The problem is as follows:
The number of panadol pills at a pharmacy is a positive whole number that it has two prime divisors and 45 positive divisors. The number of tylenol pills at the same pharmacy is also a positive whole number which has 66 positive divisors. Assuming that both numbers which represents panadol and tylenol pills have the same prime divisors. How many compount divisors will it have the smallest value of the product of both numbers?
The alternatives given in my book are as follows:
$\begin{array}{ll} 1.&\textrm{210}\\ 2.&\textrm{214}\\ 3.&\textrm{187}\\ 4.&\textrm{207}\\ \end{array}$
The official solution according to my book is to assume the following:
It states:
$\textrm{A: The number of panadol pills}$ $\textrm{B: the number of tylenol pills}$
$A=p^a q^b$ $B=p^c q^d$
According to this in order to get the minimum product of pills then $A\times B$ must be minimum.
For this to happen:
$\textrm{p<q and a>b and c>d}$
(Comment: This part it doesn't seem much sense)
Then it states: Using the notation of $\textrm{QD = quantity of divisors}$
$\operatorname{QD}(A)=(a+1)(b+1)=45$
$\operatorname{QD}(B)=(c+1)(d+1)=66$
From this it concludes that:
$a=9$
$b=4$
Assuming that the combination can only be: $9\times 5=45$
It doesn't say why it discards other choices.
and for the other number it assumes:
$22\times 3 =66$
Therefore
$c=21$
$d=2$
Again it doesn't say why it does have to be those numbers and in that order.
Then it declares:
$A\times B = p^8 \cdot q^4 \times p^{21}\cdot q^2= p^{29} \cdot q^6$
Now it comes the most weird conclusion:
$\operatorname{QD}(A\times B)= 19\times 10=190$
Hence:
It uses the formula:
$\operatorname{QD}=\textrm{prime divisors}+1+\textrm{compount divisors}$
I believe this arises from the fact that the number of divisors is equal to the number of prime divisors plus one plus the compound divisors.
Then:
$190=2+1+\textrm{compount divisors}$
Therefore it concludes:
$\textrm{compound divisors}=187$
Hence the answer is the third option.
But this doesn't make any sense. I mean at the point I reached this part I got lost.
As it can be seen I don't feel happy with this method of solution because it lacks of the proper explanation on why it must be those peculiar divisors it could be any other combination as well. This confuses me a lot.

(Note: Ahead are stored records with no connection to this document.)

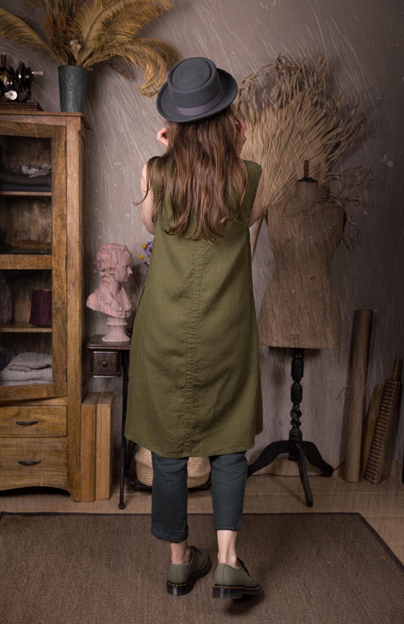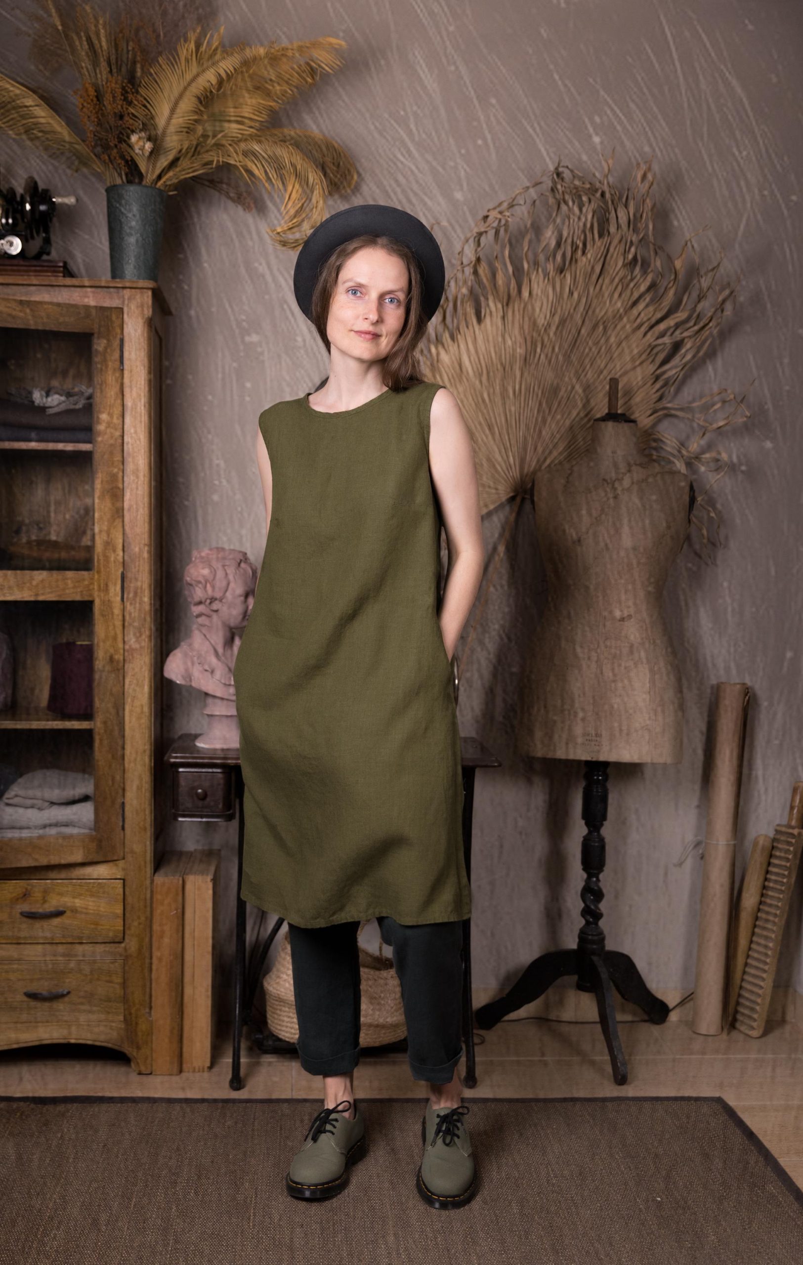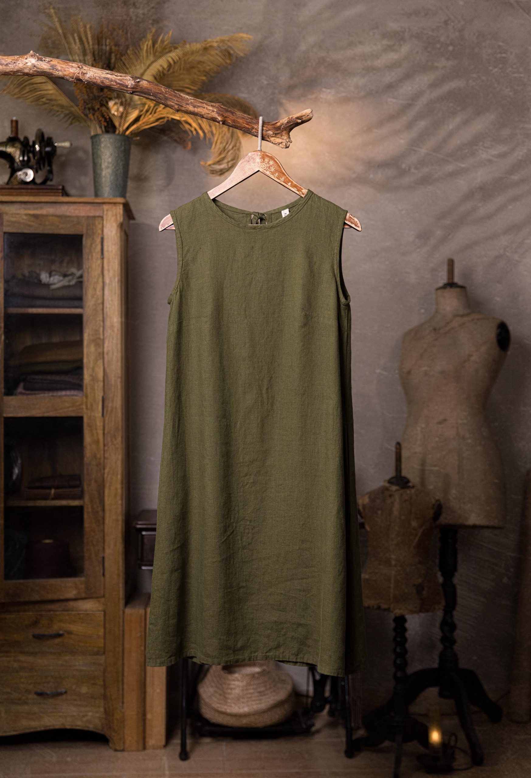 Linen sleeveless dress with an A-line silhouette. Noteworthy for its back tie opening and discreet inseam side pockets, this dress is a chameleon: adorn it with accessories for an artistic flair, or wear it as is for a minimal and elegantly chic look. This versatile piece effortlessly adapts to your style, making it a wardrobe essential for any occasion.
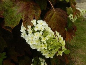 葉っぱがカシワの葉っぱの形に似ているカシワバアジサイ。花は盛り塩かドリルか、といった攻めた形状です。
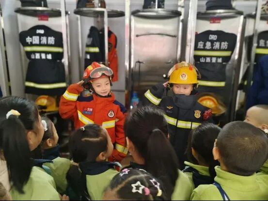 在“变身小小消防员”环节中,孩子们在消防员的帮助下穿上厚重的灭火防护服、戴上头盔,瞬间化身威风凛凛的“小卫士”,真切感受消防员出警时的艰辛与责任。
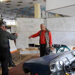 Bingi gibt eine gute Gelegenheit, russisches Dorfleben hautnah zu erfahren. Es besteht die Möglichkeit zu einem Ruhetag in Bingi, was einige nutzen. Mit den meisten fahren Stefan Semken und ich auf eine Rundtour Richtung Jekaterinburg. Wir besuchen zunächst in der Nähe des schöne alte Haus und fahren dann weiter nach Pyschma, am Stadtrand von Jekaterinburg. Dort gibet es ein riesiges Fahrzeugmuseum mit alten Autos und vor allem mit Militärfahrzeugen jeder Art.
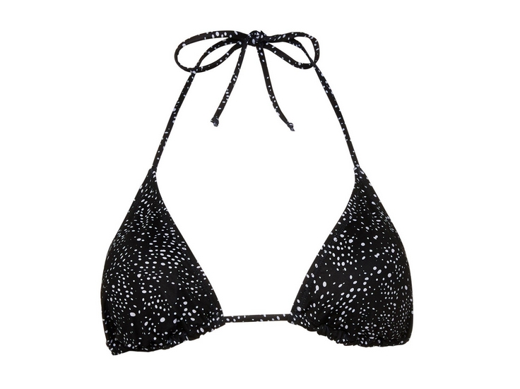 Se encuentra disponible en varias tallas, aunque solo tiene un único acabado: el negro con estampados blancos en forma de manchas. Es cómodo y tiene tirantes finos con lazada para atarlo tras el cuello. Pero hay otras gangas (de todo tipo) que son aún más interesantes.

As I mentioned it isn't very clear why that must be the quantity of divisors and that the smallest number of pills.
Does it exist a way to solve this using those concepts but better explained?
I'm lost at this ans since I feel there are many missing steps it would help me a lot if someone could help me here with an answer which would be easier to understand and the most detailed as possible.

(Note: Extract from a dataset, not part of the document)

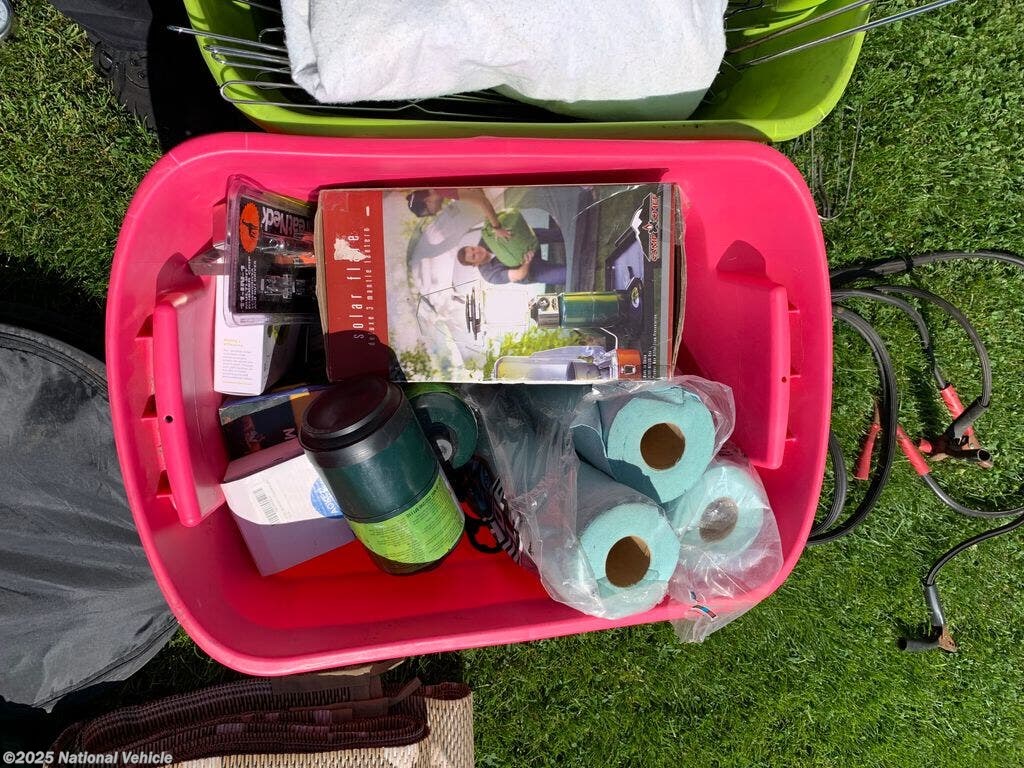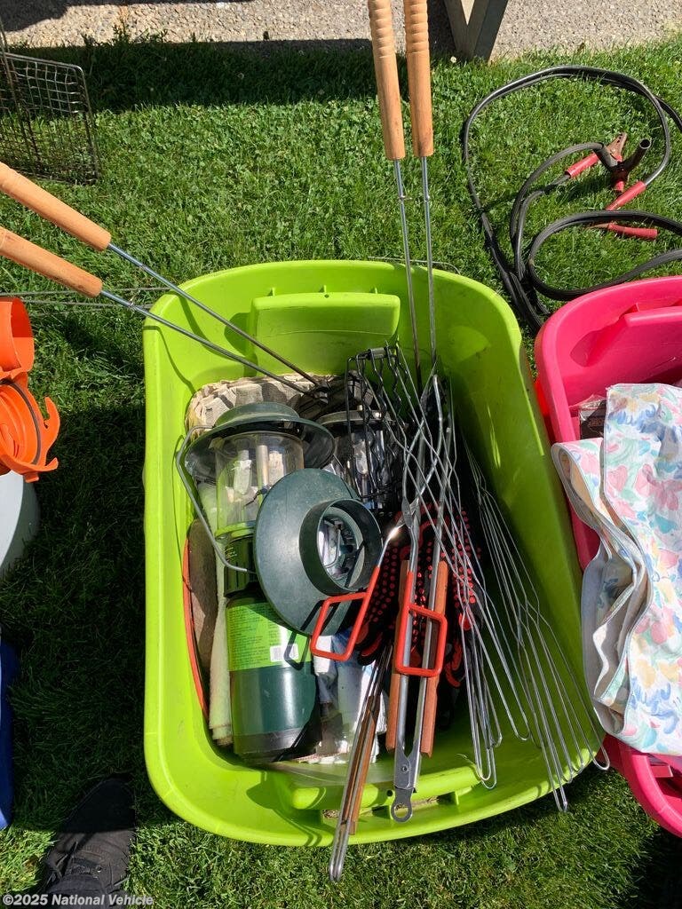 including lots of extras - colemen lantern, grill, fuses, wheel chalks, hoses, cords, pots, pans etc

First you need to be familiar with the fact that the divisors of $p^aq^b$ are all the numbers of the form $p^xq^y$ with $0\le x\le a, 0\le y\le b$. There are $(a+1)(b+1)$ of these.
So we know that $$(a+1)(b+1)=45$$ $$(c+1)(d+1)=66.$$
Now $45=1\times 45=3\times 15=5\times 9=9\times 5=15\times 3=45\times 1$. The possible solutions of the first equation are $$(a,b)\in \{(2,14),(4,8),(8,4),(14,2)\}.$$
By the same method $$(c,d)\in \{(1,32),(2,21),(5,10),(10,5),(21,2),(33,1)\}.$$
There are of course lots of ways of combining these. You should have a go at trying this out and for each possibility working out the number of divisors of the product of the two numbers, $(a+c+1)(b+d+1)$.

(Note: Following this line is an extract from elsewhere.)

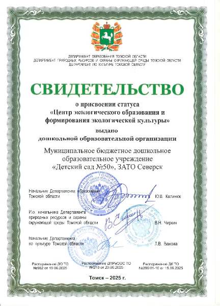 Статус: «Центр экологического образования и формирования экологической культуры», г. Томск (распоряжение Департамента образования Томской области № 982 от 19.06.2025 г. "О присвоении статуса Центра экологического образования и формирования экологической культуры на 2025 - 2030 годы"). Дата начала: 19.06.2025 Дата окончания: 2030 Количество участников: 37 Планируемы изменения: Комплексные Планируемый результат: - создание условий для непрерывного экологического образования дошкольников; - воспитание маленького гражданина – гуманной, социально-активной личности, способной понимать и любить природу, чувствовать себя ее частью, бережно и ответственно относиться к окружающему миру и к своему здоровью; - разработка и совершенствование нормативно-правовой, методической и материально-технической базы центра экологического образования и формирования экологической культуры, с целью организации непрерывного экологического образования дошкольников; - разработка и внедрение программ по формированию экологической культуры для детей дошкольного возраста; - повышение квалификации педагогических работников в области экологического образования; - повышение эколого-педагогической компетентности педагогов и родителей;
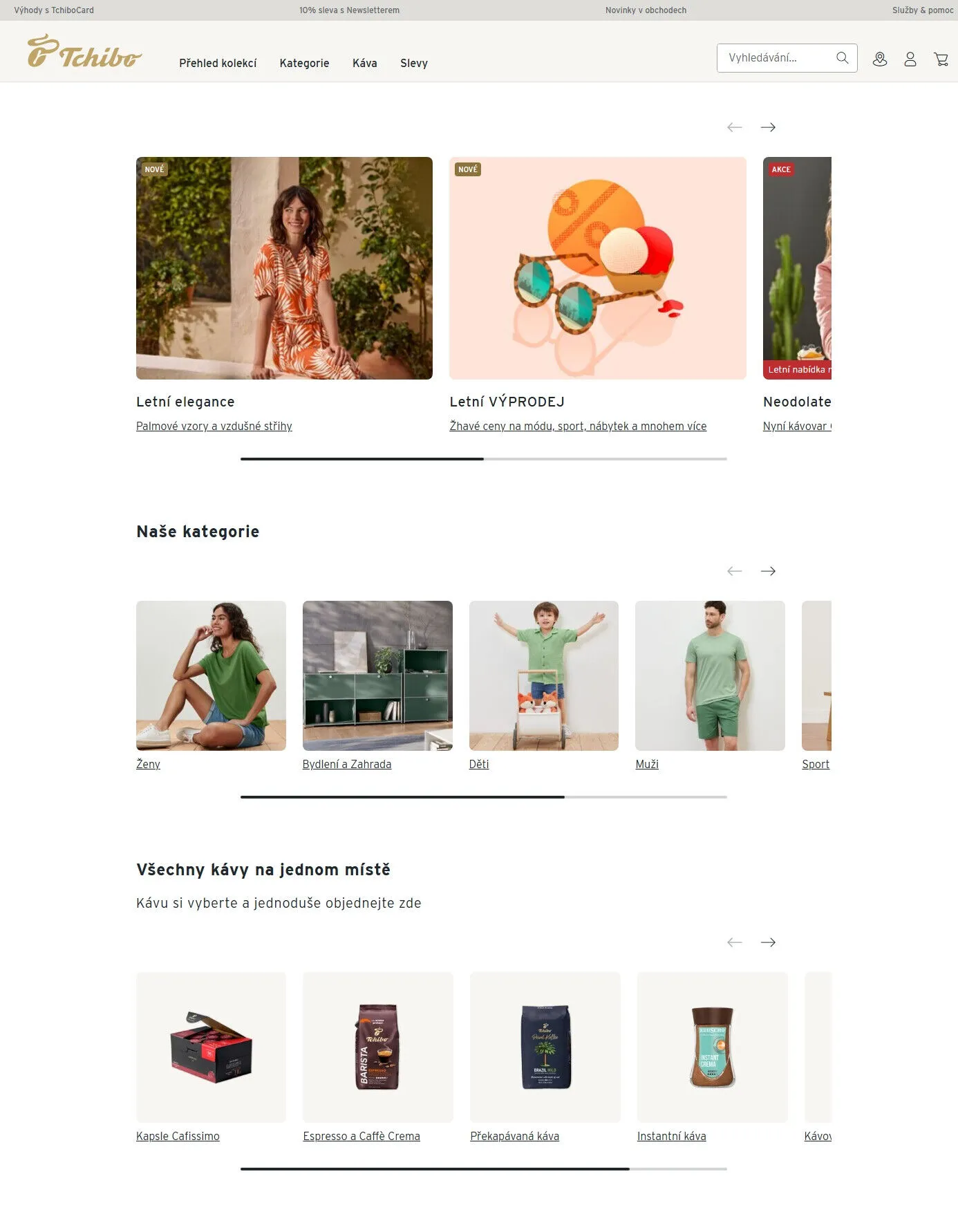 Pro milovníky kávy máme vše na jednom místě – od kapslí Cafissimo po překapávanou a instantní kávu. Vyberte si svou oblíbenou kávu a jednoduše objednejte. Neodolejte naší letní nabídce a objevte také kategorie pro ženy, muže a děti, stejně jako inspiraci pro bydlení a zahradu.

You can see that one possibility is $$(a,b)=(8,4)\text { and } (c,d)=(10,5)$$ This gives a number of divisors $19\times10=190$. Now, three of the divisors are $ 1,p,q$ and these are not composite and so we have the 'book' solution of $187$ composite factors.
Note
I don't think you should expect to be able to 'see' that $(a,b)=(8,4)\text{ and } (c,d)=(10,5)$ is obviously best. However if you try out some of the other possibilities you will get a feel for whether any other combination is likely to be better.
For example
$(a,b)=(2,14)\text { and } (c,d)=(2,21)$ gives $5\times 36=180$, a better answer! However the wording of the question concerning what is 'smallest' might mean that the product itself is smallest (although we don't know the primes). Do you have an image of the actual question?